Working from Banks’ house in London, Lindley drew, described and named new varieties of plants with such accuracy and insight that he was made a Fellow of the Linnaean Society at the age of 21. His Botanical History of Roses (1820) distinguished 76 different species, identified 13 new ones, and included 19 paintings he produced himself.

When Banks died a few months later, Lindley was asked by the Horticultural Society of London (today’s Royal Horticultural Society) to draw roses - and put him in charge of supervising the collection of plants for its new gardens at Chiswick.

Before long, eminent botanists were eagerly seeking his help with their projects - John Loudon’s masterful (and massive) Encyclopedia of Plants covered some 15,000 flowering plants and ferns, and Lindley did most of the work.

The man from Norfolk was elected a Fellow of the Royal Society, was awarded an honorary doctorate from the University of Munich, and received academic honours from France, the USA and Switzerland. He took a part-time job as Professor of Botany at the newly-established London University, and when he found the current textbooks unsatisfactory for his students he wrote his own for them.

John Lindley

It was hardly surprising that when the future of the gardens at Kew was being debated, the authorities turned to John Lindley.
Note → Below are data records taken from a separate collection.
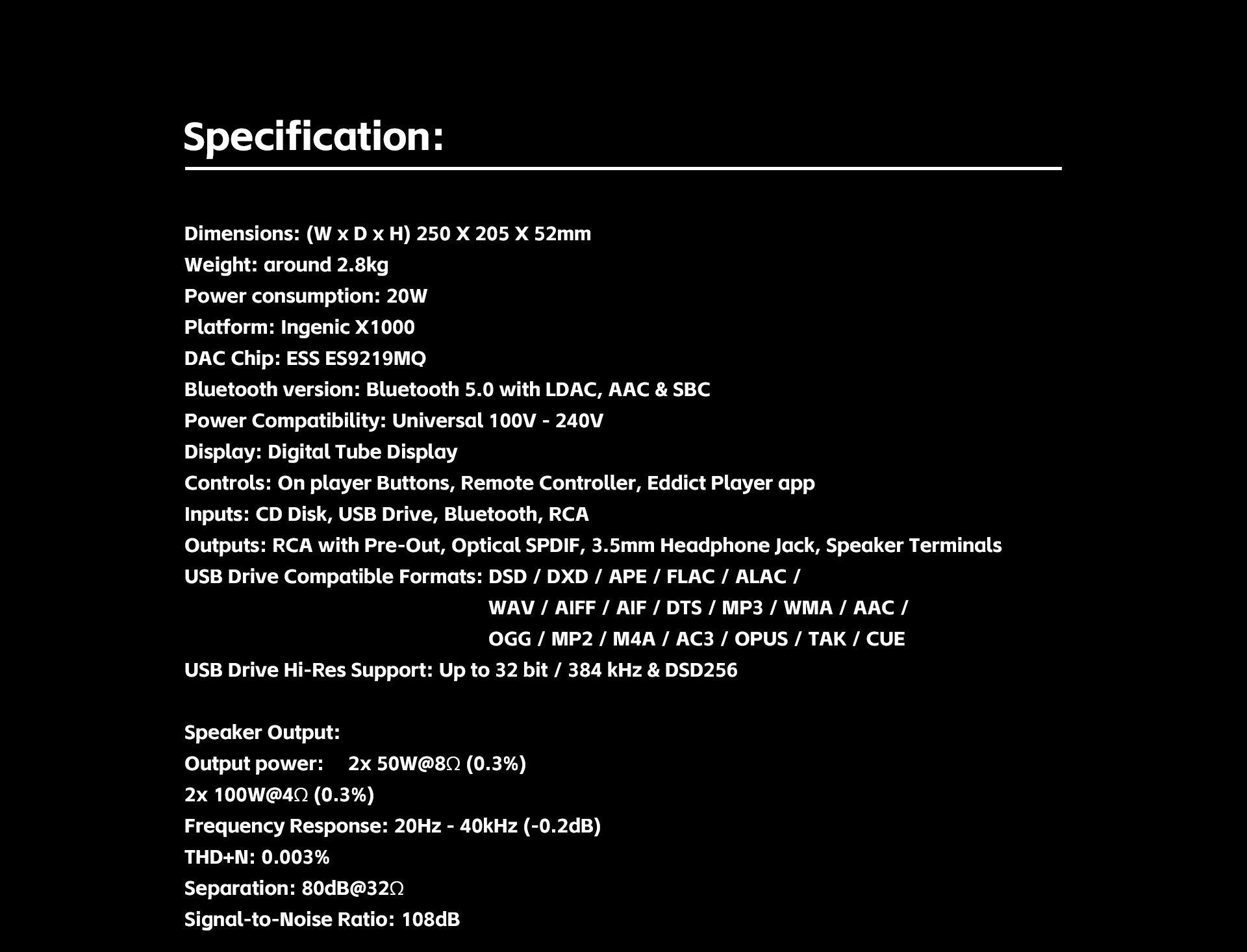 - U-Disk-Wiedergabeformat: DSD / DXD / APE / FLAC / ALAC / WAV / AIFF / AIF / DTS / MP3 / WMA / AAC / OGG / MP2 / M4A / AC3 / OPUS / TAK / Cue
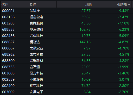 在AI硬件股中,HBM等概念股跌幅居前,深科技跌超9%,通富微电、赛腾股份、华海诚科等走低。
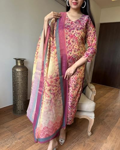 Anni Designer Women'S Rayon Blend Straight Printed Kurta With Pant & Dupatta (Omsing Pink_S_Pink_Small),Pink,S,Rayon Blend,Regular,
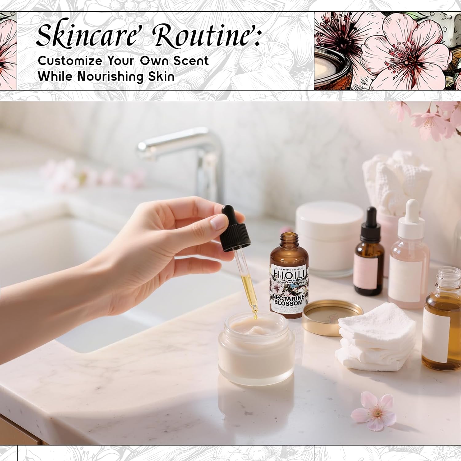 HIQILI Nectarine Blossom Fragrance Oil for Candle & Soap Making, Essential Oil Diffuser Use, Add to Body Lotion, Dryer Balls - 1 Fl Oz
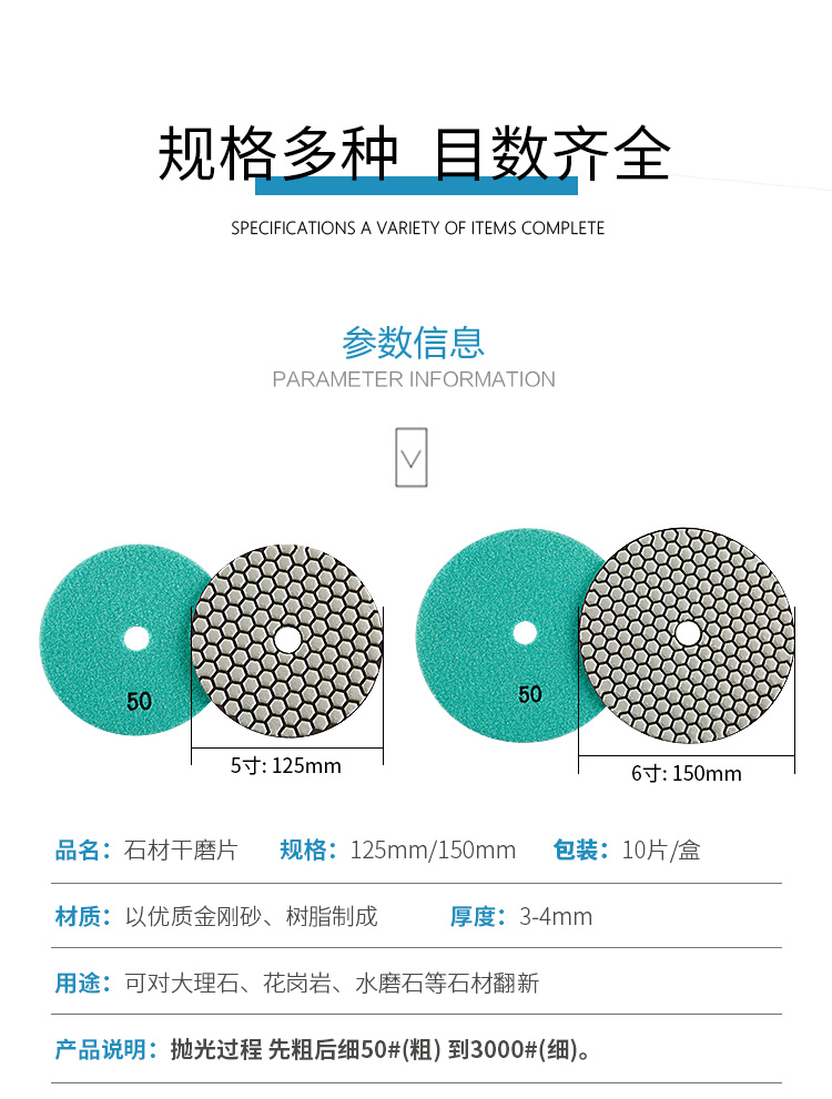 5 인치 6 인치 대리석 드라이 그라인딩 피스 스톤 폴리싱 피스 월 케어 리노베이션 폴리싱 피스 미러 125mm m150mm스토어 가기
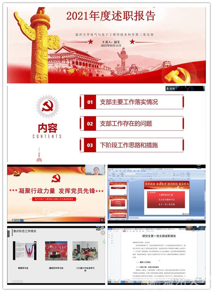 首先,由学院全体师生党支部书记作2021年度支部党建工作报告。MG冰球官网电气系、电子系、低压电器平台、行政教工、智能锁具研究院党支部,本科生第一、二党支部,研究生第一、二党支部,共九个党支部书记依次作述职报告,汇报了2021年支部党员发展、理论学习和活动开展等情况,深入剖析支部工作中存在的问题,以及2022年支部工作改进要点和方案。
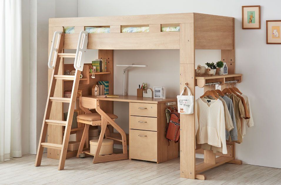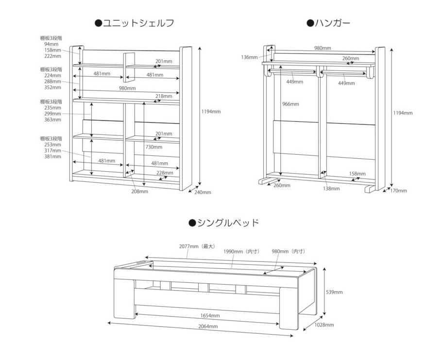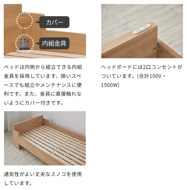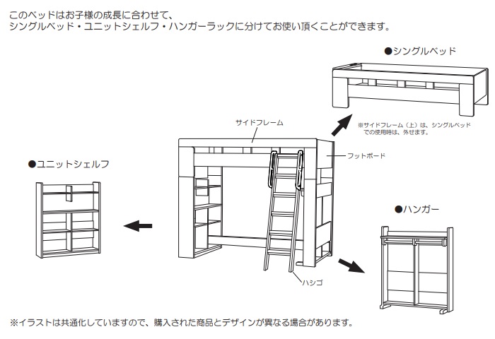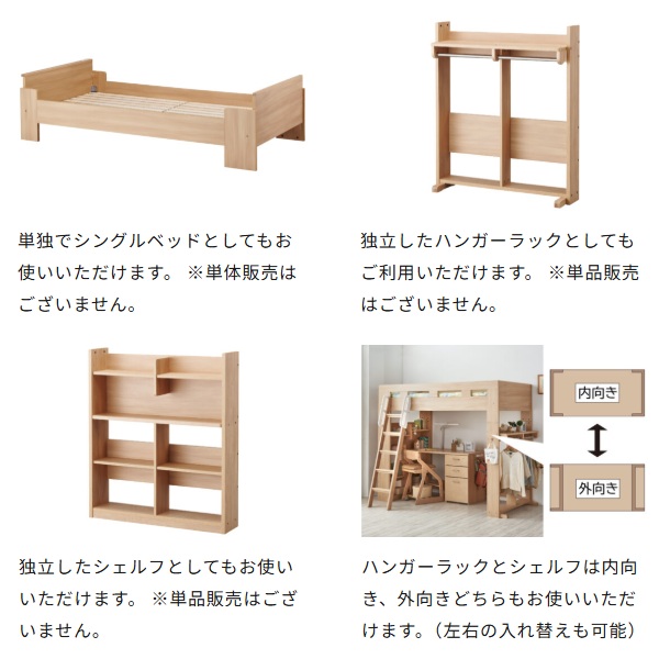 | 特徴 | 〇構成品:シングルベッド・ハンガーラック・シェルフ・ハシゴ・スノコ 〇ヘッドボードに2口コンセント付き |

Since the death of George III in 1820 and the loss of royal patronage, the gardens had been in decline. Together with Joseph Paxton (who designed the Crystal Palace and cultivated the banana we know and love today) Lindley gave the government a stark choice.

“Kew Gardens should either be at once taken for public purposes, gradually made worthy of the country, and converted into a powerful means of promoting national science,” he wrote, “or it should be abandoned.”

When the government proposed to take the easier route, pulling down all the greenhouses and giving away all the plants, Lindley told Prime Minister William Lamb the matter was going to be raised in Parliament. There was a public outcry, and when the young Queen Victoria added her support the government backed down and Kew Gardens became public property.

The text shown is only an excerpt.